→ **Problem to work on**:
When you copy the data, keep every line exactly as written and skip the pictures.
━━━━━━━━━━━━━━━━━━━━
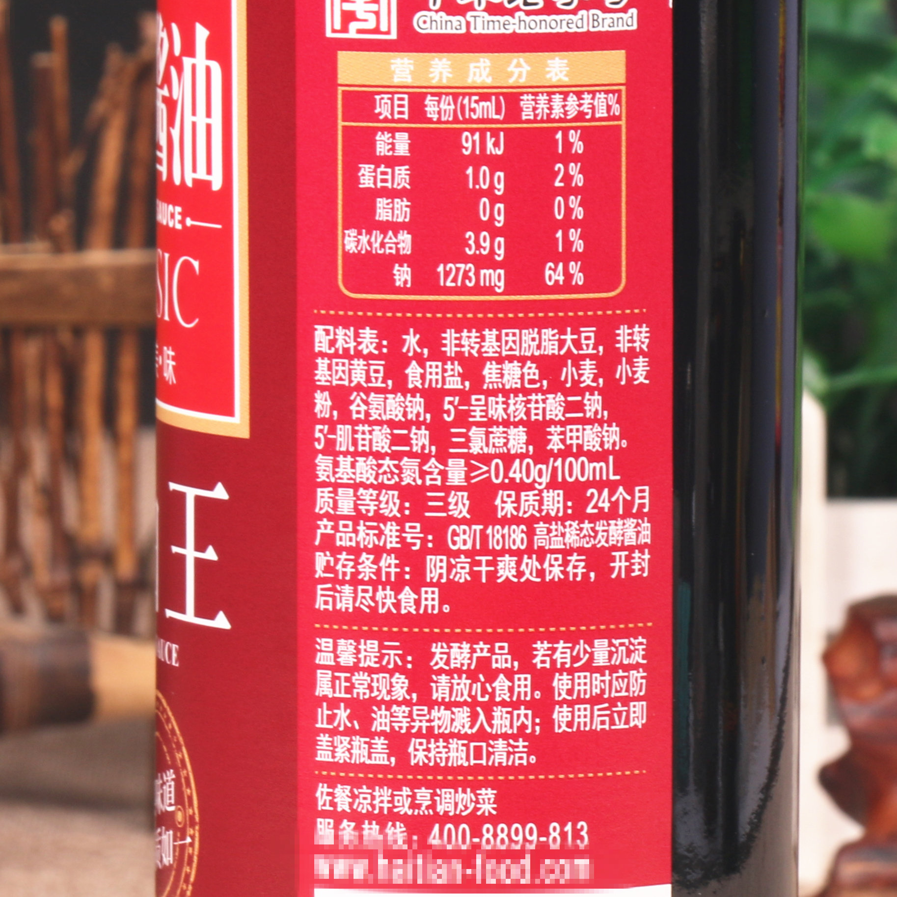 配料表:水、非转基因脱脂大豆、非转基因黄豆、食用盐、焦糖色、小麦、小麦粉、谷氨酸钠、5-呈味核苷酸二钠、5-肌酐酸二钠、三氯蔗糖、苯甲酸钠等。以产品实际包装信息为准。
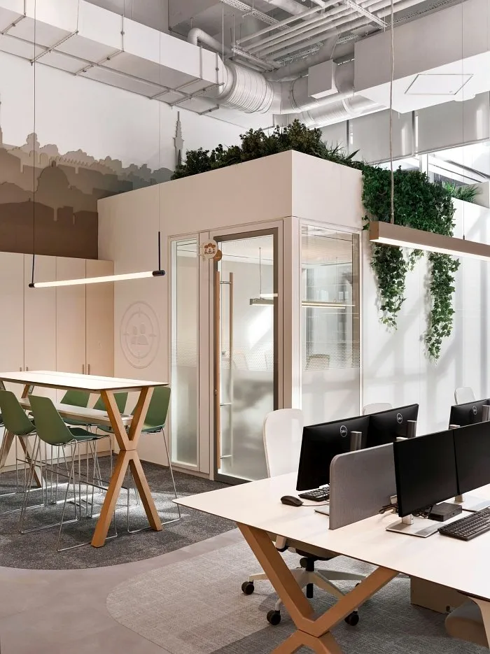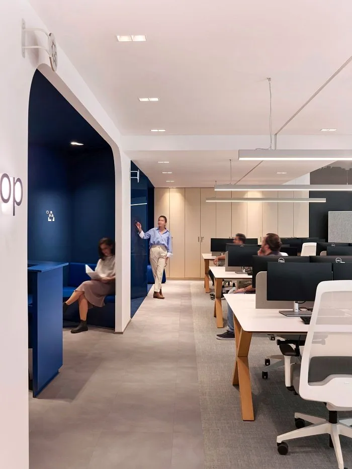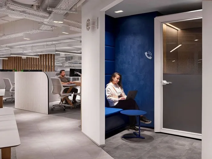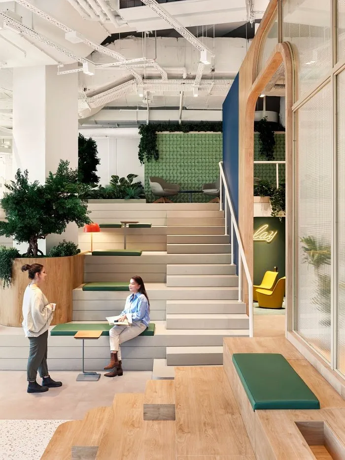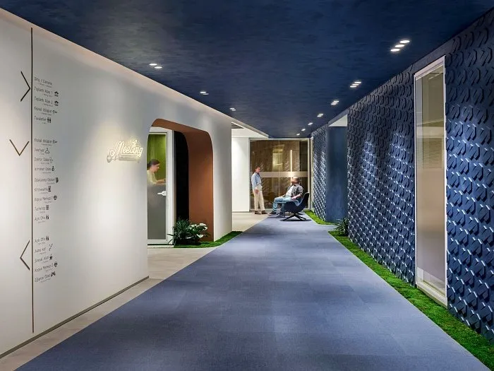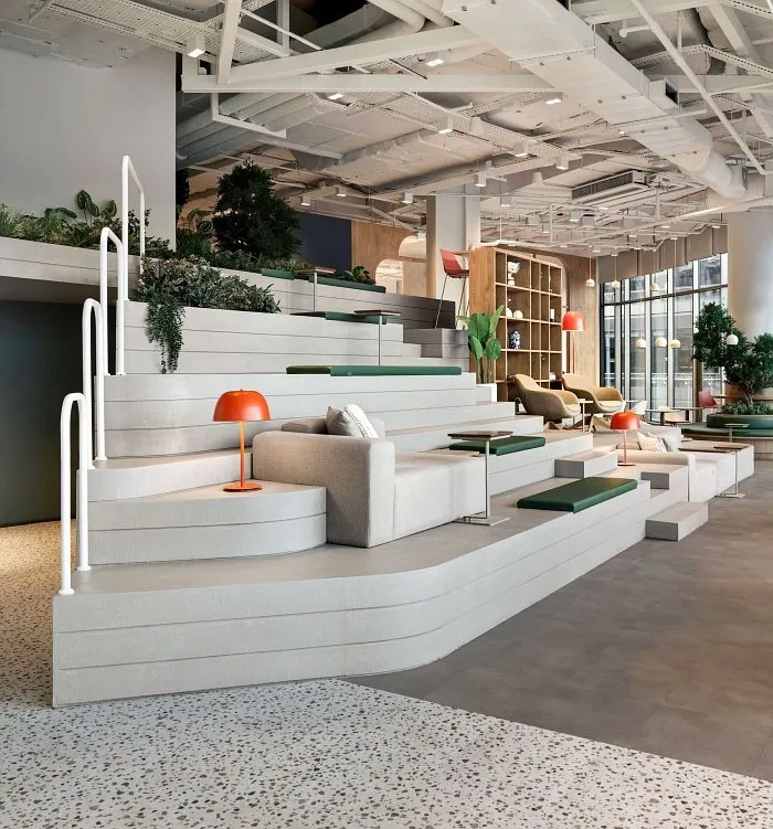 Workstations are animated by sudden interventions, together with tram-inspired varieties that introduce rhythm and motion whereas doubling as focus desks and semi-open assembly spots. Open collaboration areas, scorching desks, and casual assembly factors are distributed all through the floorplate, supported by assorted acoustic options that permit each interplay and focus. A central breakout space acts because the social coronary heart of the workplace—half lounge, half agile workspace, and half connector to the mezzanine. Designed like an indoor terrace, it invitations staff to pause, collaborate, or just get pleasure from a change of perspective.
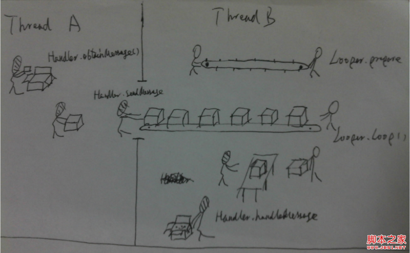 Android当中做了一个特别的限制就是非主线程不能操作UI元素,而一个应用程序是不可能不创衍生线程的,这样一来主线程与衍生线程之间就必须进行通信。由于这种通信很频繁,所以不可能全用变量来标识,程序将变得十分混乱。这个时候消息队列就变得有十分有必要,也就是在每个线程中建立一个消息队列。当A需要B时,A向B发一个消息,此过程实质为把消息加入到B的消息队列中,A就此return,B并不专门等待某个消息,而是循环的查看其消息队列,看到有消息后就去执行。
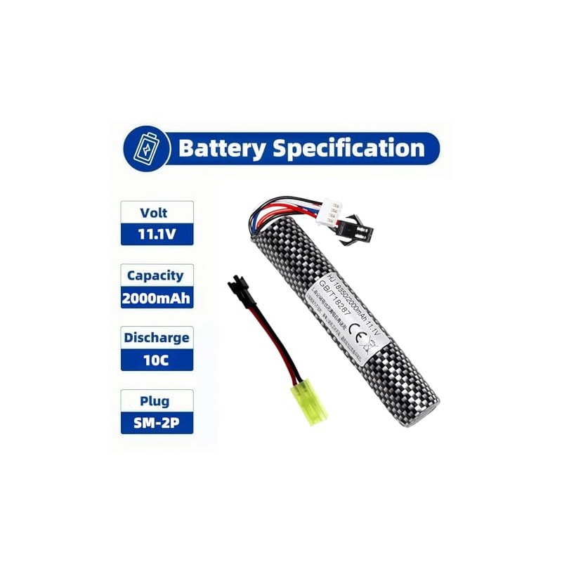 11.1V 2000mAh Airsoft Batería SM2P Plug con sm2p a Tamiya Plug Compatible con Airsoft Batería Recargable
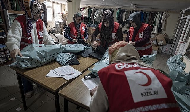 Ramazan boyunca Kızılay Şubesi'nde bulunan depoda uzun saatler çalışan gönüllü kadınlar, evlerindeki iftar hazırlıklarını yardım çalışmalarından sonra yaparak fedakarlık gösteriyor.
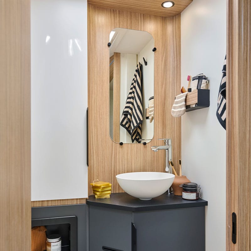 - Des salles de bains astucieuses dans les véhicules compacts.
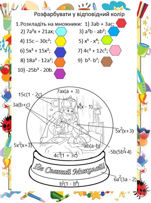 Математичні розмальовки для 7 класу алгебра тема “Винесення спільного множника за дужки” (дві)
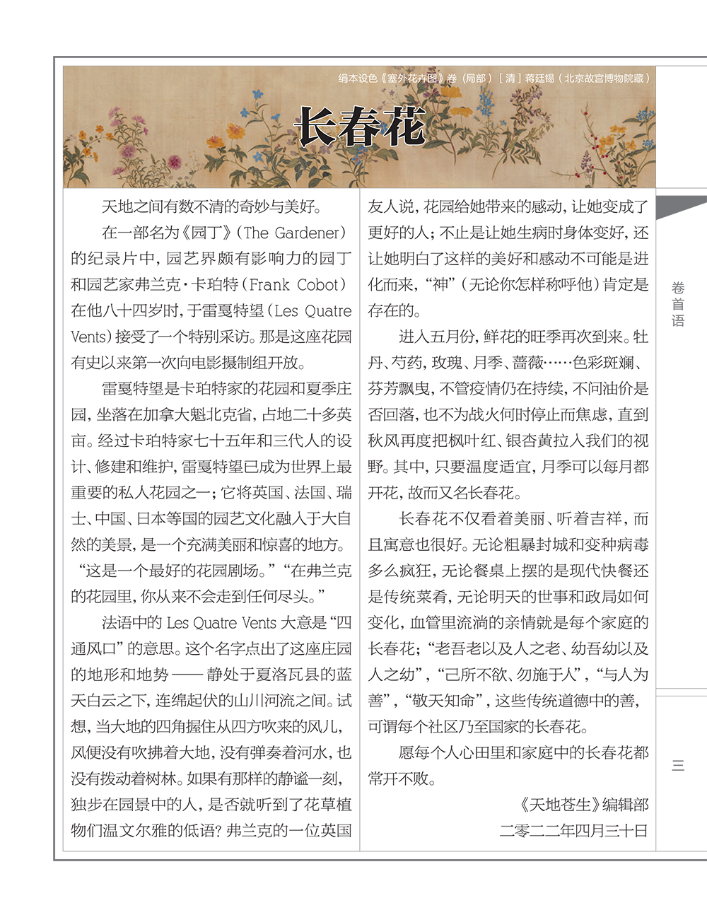 - 《天地蒼生》逢2月1日、5月1日、8月1日、11月1日發表。
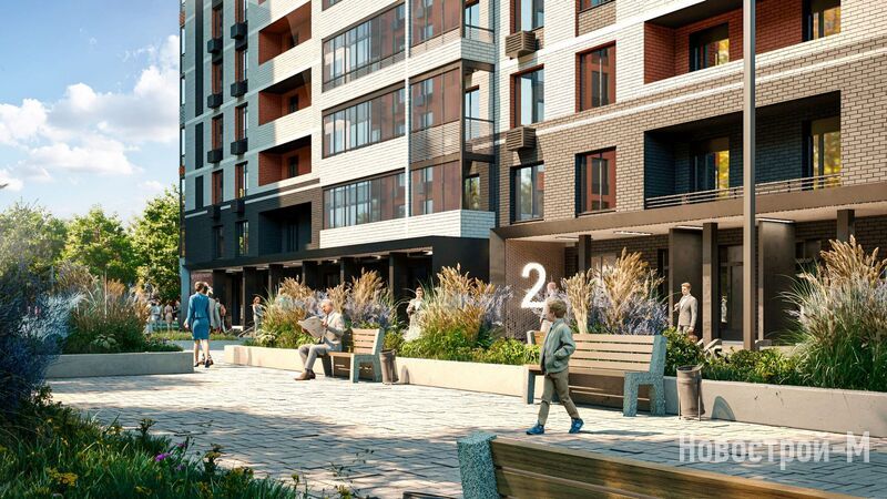 Территория благоустроена по концепции «умный двор без машин», здесь появятся пешеходные бульвары со скамейками и освещением, детские и спортивные площадки, места для отдыха. Для автомобилей предусмотрены плоскостные парковки.
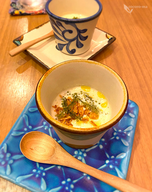 お通しは冷たいポタージュスープ(ヴィシソワーズ?)で、
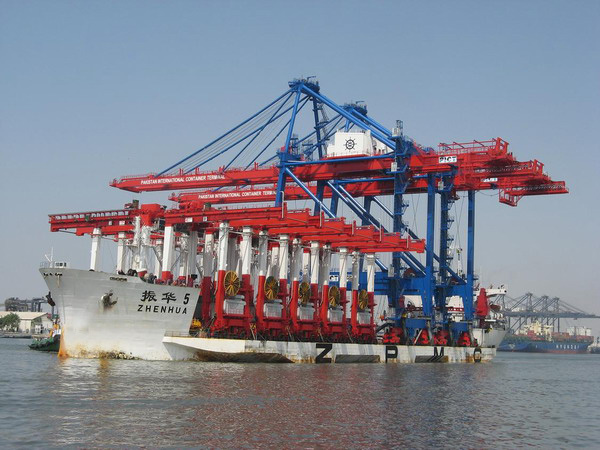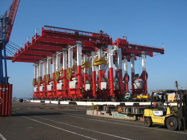 目前我公司生產(chǎn)的場橋可以采用移支腿的發(fā)運(yùn)方式,以該方式運(yùn)送輪胎吊可增加運(yùn)力一倍,降低運(yùn)輸費(fèi)用并緩解航次壓力。提高了公司遠(yuǎn)洋產(chǎn)品運(yùn)輸?shù)倪\(yùn)力。下圖是振華5號今年9月發(fā)運(yùn)ZPMC為巴基斯坦PICT制造的輪胎吊,發(fā)運(yùn)方式采用的就是移支腿發(fā)運(yùn)。
━━━━━━━━━━━━━━━━━━━━
→ **Exercise output**:
 配料表:水、非转基因脱脂大豆、非转基因黄豆、食用盐、焦糖色、小麦、小麦粉、谷氨酸钠、5-呈味核苷酸二钠、5-肌酐酸二钠、三氯蔗糖、苯甲酸钠等。以产品实际包装信息为准。
 Workstations are animated by sudden interventions, together with tram-inspired varieties that introduce rhythm and motion whereas doubling as focus desks and semi-open assembly spots. Open collaboration areas, scorching desks, and casual assembly factors are distributed all through the floorplate, supported by assorted acoustic options that permit each interplay and focus. A central breakout space acts because the social coronary heart of the workplace—half lounge, half agile workspace, and half connector to the mezzanine. Designed like an indoor terrace, it invitations staff to pause, collaborate, or just get pleasure from a change of perspective.
 Android当中做了一个特别的限制就是非主线程不能操作UI元素,而一个应用程序是不可能不创衍生线程的,这样一来主线程与衍生线程之间就必须进行通信。由于这种通信很频繁,所以不可能全用变量来标识,程序将变得十分混乱。这个时候消息队列就变得有十分有必要,也就是在每个线程中建立一个消息队列。当A需要B时,A向B发一个消息,此过程实质为把消息加入到B的消息队列中,A就此return,B并不专门等待某个消息,而是循环的查看其消息队列,看到有消息后就去执行。
 11.1V 2000mAh Airsoft Batería SM2P Plug con sm2p a Tamiya Plug Compatible con Airsoft Batería Recargable
 Ramazan boyunca Kızılay Şubesi'nde bulunan depoda uzun saatler çalışan gönüllü kadınlar, evlerindeki iftar hazırlıklarını yardım çalışmalarından sonra yaparak fedakarlık gösteriyor.
 - Des salles de bains astucieuses dans les véhicules compacts.
 Математичні розмальовки для 7 класу алгебра тема “Винесення спільного множника за дужки” (дві)
 - 《天地蒼生》逢2月1日、5月1日、8月1日、11月1日發表。
 Территория благоустроена по концепции «умный двор без машин», здесь появятся пешеходные бульвары со скамейками и освещением, детские и спортивные площадки, места для отдыха. Для автомобилей предусмотрены плоскостные парковки.
 お通しは冷たいポタージュスープ(ヴィシソワーズ?)で、
 目前我公司生產(chǎn)的場橋可以采用移支腿的發(fā)運(yùn)方式,以該方式運(yùn)送輪胎吊可增加運(yùn)力一倍,降低運(yùn)輸費(fèi)用并緩解航次壓力。提高了公司遠(yuǎn)洋產(chǎn)品運(yùn)輸?shù)倪\(yùn)力。下圖是振華5號今年9月發(fā)運(yùn)ZPMC為巴基斯坦PICT制造的輪胎吊,發(fā)運(yùn)方式采用的就是移支腿發(fā)運(yùn)。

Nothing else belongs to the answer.